Wednesday, May 6, 2009

The Fitting

by gretchen


When you are shopping for a wedding gown, you get a little room, with an actual door and you have a nice woman helping you zip and hook and fluff. You walk out in gown after gown of princess dreams and look at your mother, sitting on a couch in front of you. You look at her with hope, thinking she'll be moved to tears seeing her youngest daughter, the one who swore she would never marry, in a wedding dress. You know this happens. You've seen it on TV. But there are no tears. There is the, "only your mother will tell you" feedback.


Which, really, is why you brought her. Big decision here. Can't be left to the somewhat questionable judgment of a still-not-sure-about-the-whole-wedding-thing woman.

The dress you love, the one you have coveted is immediately deemed too old. The saleswoman agrees: "It's for someone very mature, like 40." I stare at her. I look at my mom. "I'm 35. Pretty close."

More puffy dresses. More sparkles and tiaras and netting. Over and over, you think, "This is great, but I'm 35. I mean, seriously." Your mother loves the big foofy white one. Which would be dreamy. If you were 23. The saleswoman brings over more of the same. All dreamy. "I'm 35," you keep mumbling.


You are 35, and so you pick the one you like, the one that's "too old." It's pretty and appropriate.


When you go in for you fitting (alone), the nice little room (WITH THE DOOR) is gone. You are ushered into a small changing room with curtains that don't quite cover the entry way. The seamstress keeps pacing outside. At any moment, she might whip open those curtains and find you in your spanx/sausage casings hooking up your long-line bra which is a total pain in the ass. You step out. You wait for the, "Oh, so pretty."


You don't get it. The seamstress has a job to do: get you into that dress properly. She doesn't really care about much else. She also doesn't speak English, so what does it matter? You stand there, alone (no entourage necessary, again, unlike on TV). You wonder if it's the right dress. Not much you can do about that now... you decide maybe it's the wrong dress. You angst. You stress. You know it's the wrong dress. You decide you are definitely not getting married.


When you come back to pick it up six weeks later (again, alone), you have a new seamstress, and this one has no problem barging in on you. "I am the dressmaker. I see everyone neked," she says with her thick accent. "You tell me ven you need me to help you," she finishes as she sort-of closes the curtains. You try to change as fast as possible so she doesn't come in. In the process, you rip the zipper on your pants which you end up tearing to get them off as quickly as possibly. You can hear her heels clicking around out there. HURRY! you tell yourself. You fling the pants, wondering how you'll deal with the fact that you totally broke the zipper with your big fat butt. She lean over to put your shoes on and notice that very unattractive roll of fat on your belly. You have a very bad feeling about this dress. She barges in and sees you in the scuba suit of Lycra and boning. "Let's put this on," she says and drops the dress over your head. As she starts to shove you into the dress, you realize it's now much tighter.

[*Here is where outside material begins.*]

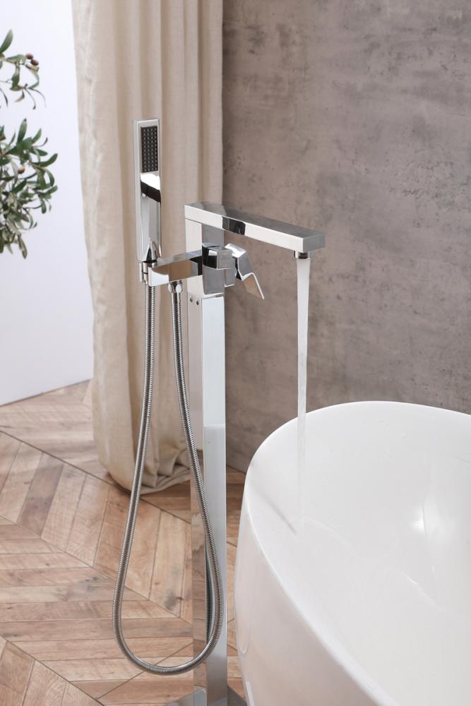 Our floor-mounted bathtub faucet brings a touch of space-saving elegance to your bathroom.
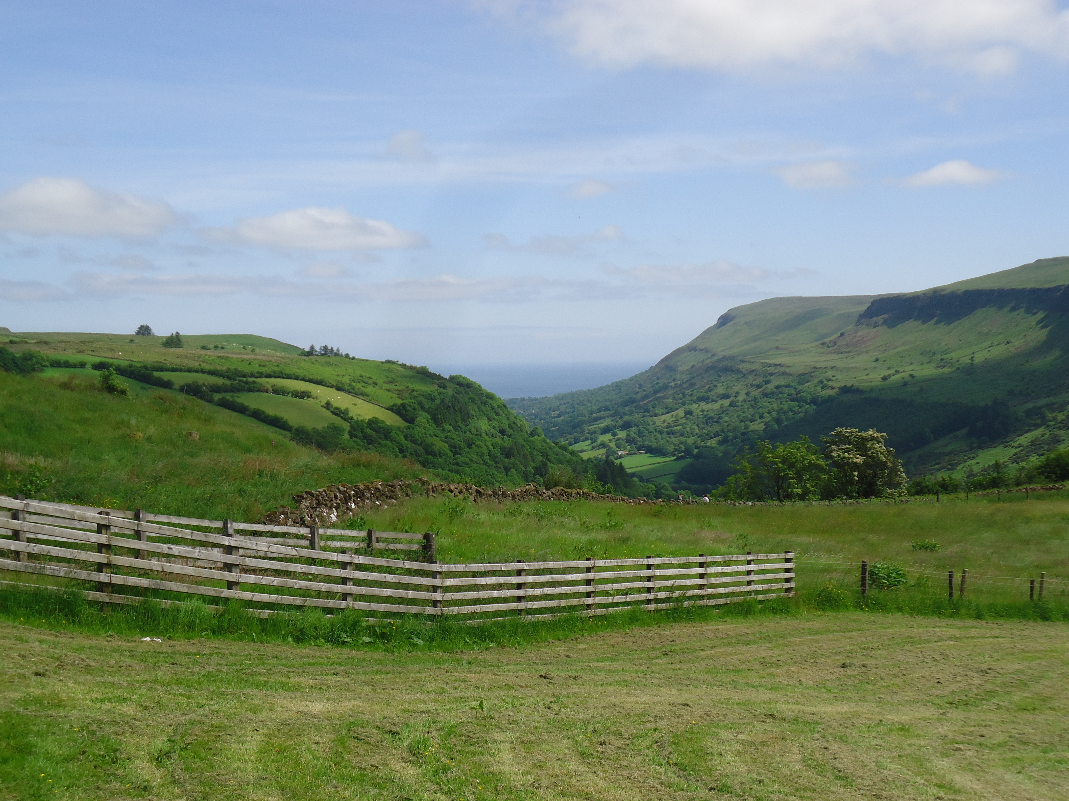 Today I took David to the airport so he could fly to Sheffield to visit his sister for the weekend. Then I took my friend Julie’s son to Queen’s for Q-Con. Ronnie is staying with me for the weekend so he can join 3,000 other young people at a techie nerd-fest (Julie’s phrase). After Ronnie set up google maps on my phone, I headed north to Glenariff Forest Park to hike one of the seven glens of Antrim. This is the top of the glen, with the Irish sea in the distance:

She ushers you outside, again: all business. There is a cranky old man sitting just down the way and a fat young girl with her frumpy friends trying on bridesmaid dresses. You smell a bridezilla as she commands the tired salesgirl to fetch this and that. You remind yourself that YOU are the anomaly here; most women do think all of this is a very big frickin deal.


The seamstress glares at your boobs. "Vas dis de bra you vore ven you vere fitted?" Oh shit. You tell her is was. She doesn't actually call you a liar but you know she's thinking it as she eyeballs the trashy amount of cleavage exploding out of the top and sides of the strapless dress. You knew strapless was a bad idea... She tells you something you don't understand and suddenly, she's unzipped your dress and is yanking your bra around and moving your boobs. You are being molested in a wedding dress shop. AND NO ONE CARES. She zips you up.


"You see," and no I can't keep doing the accent, "You American girls like to wear your boobs up over your shoulders. You need to have them fall more naturally. Look at me. I am a D," she says proudly as she opens her jacket to reveal what you really doubt are D-cup boobs. She tells you how good her boobs look and then lifts them up higher to show you how ridiculous it would be to have them hoisted. But she's not American. We like the gravity-defying boobs. She shifts you around a bit more and then gives you instructions to not wear your bra too high on your wedding day. She grabs your hand and puts it under her boob: there should be two fingers between the bottom of your breast and the wire in the bra. Do you feel?" You've got my hands on some Russian woman's boob. This isn't really what you thought you would be doing today.


When you get home, your pants unzipped and your sweater pulled as low as it could go to cover that fact, your fiance asks you how your day was. "I got felt up by some Russian woman and then she made me look at her boobs." You walk away, letting him ponder that. From the other room, you add, "And she is totally not a D-cup. I felt them; I know."